Take sex. Among U.S. high school students surveyed in 2009, almost half reported that they had engaged in sexual intercourse at least once, and over 400,000 15- to 19-year-old girls gave birth. Of the 19 million new sexually transmitted diseases (STDs) recorded each year, nearly half are among young people who are 15 to 24 years old. This age group is also the fastest-growing group of people living with HIV in the U.S.

It’s important for parents to take the lead in talking about sex. “Sex is a normal part of life,” says Dr. Lynne Haverkos, an NIH pediatrician specializing in health risk behaviors, “but how do you prevent the STDs, pregnancy and negative emotional consequences that can happen in these relationships? Middle childhood is the time to start talking and listening…then, as they grow, adolescents can develop negotiation skills and learn how to recognize and handle risky situations involving sex. Start communicating early, keep going, don’t ever give up.”

“Communication is absolutely key,” agrees Dr. Bill G. Kapogiannis, an NIH infectious disease expert and scientific director of the Adolescent Trials Network for HIV/AIDS Interventions. The network conducts research and provides information on community-based services for HIV-positive youth. “The earlier you initiate discussion—including risk behavior, sex, mood disorders, drugs and academic performance—the better.”

Talking about sex may feel uncomfortable to some, but parents don’t have to go it alone. You can find helpful resources online and in community and school programs (See our links online).
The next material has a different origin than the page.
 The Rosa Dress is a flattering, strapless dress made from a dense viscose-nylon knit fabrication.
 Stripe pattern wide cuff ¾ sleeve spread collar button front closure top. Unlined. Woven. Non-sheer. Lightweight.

The most effective programs for HIV/STD prevention are taught by trained instructors, are age-appropriate, focus on skill-building and involve parents and health organizations.

You also need to talk to your teen about other behaviors such as drinking alcohol. Alcohol depresses cognitive control and increases the risk for substance abuse and sexual activity. Alcohol and drug use might also lead to situations where teens can be sexually abused.

Teens may not want limits, but they still need them. Throughout late adolescence and early adulthood, they still need guidance. Setting limits is important because it takes years for kids to master the art of making decisions. Adolescents are similar to preschoolers in that activation in various parts of the brain isn’t yet mature and interconnected. “This makes adolescents more emotionally reactive, especially around peers,” Freund says.

As the brain’s complex architecture develops, teens do begin to learn from experience and adjust their behavior accordingly. They gain the ability to grasp the wider world in more complex and nuanced ways. This helps them develop their sense of right and wrong, as well as objectivity, empathy and judgment. They may become more motivated by self-esteem and personal achievement.

Parents can help by encouraging their teen’s strengths. Talking, listening and channeling an adolescent’s ongoing interests can have a powerful positive effect.

When talking with adolescents, “the tone has to be nonjudgmental,” says Kapogiannis. “Talk it through, and reassure them that whatever happens, you still love them. As long as you have communication, you’re gonna get there.”

Freund suggests that parents use technologies—such as texting or mobile phone calls—to stay in contact with their teens. Even if you can’t be there physically, they should know that you’re available and that you care about them. “You’re not hovering, but they need to know you’re around,” Freund says.

If you have concerns about your teen, and he or she seems unwilling to talk about it, consider making a call to your child’s doctor—ideally, an adolescent medicine specialist. Make an appointment so your teen can talk privately with the care provider.

Adolescence is a stage that does have risks, and some kids may be more vulnerable than others. Yet there’s a lot that parents can do to keep their kids safe, make them feel loved, and help them move through the changes. Adolescence is not a disease, but a journey towards independence. It’s possible for both parents and their kids to enjoy this time—and even treasure it.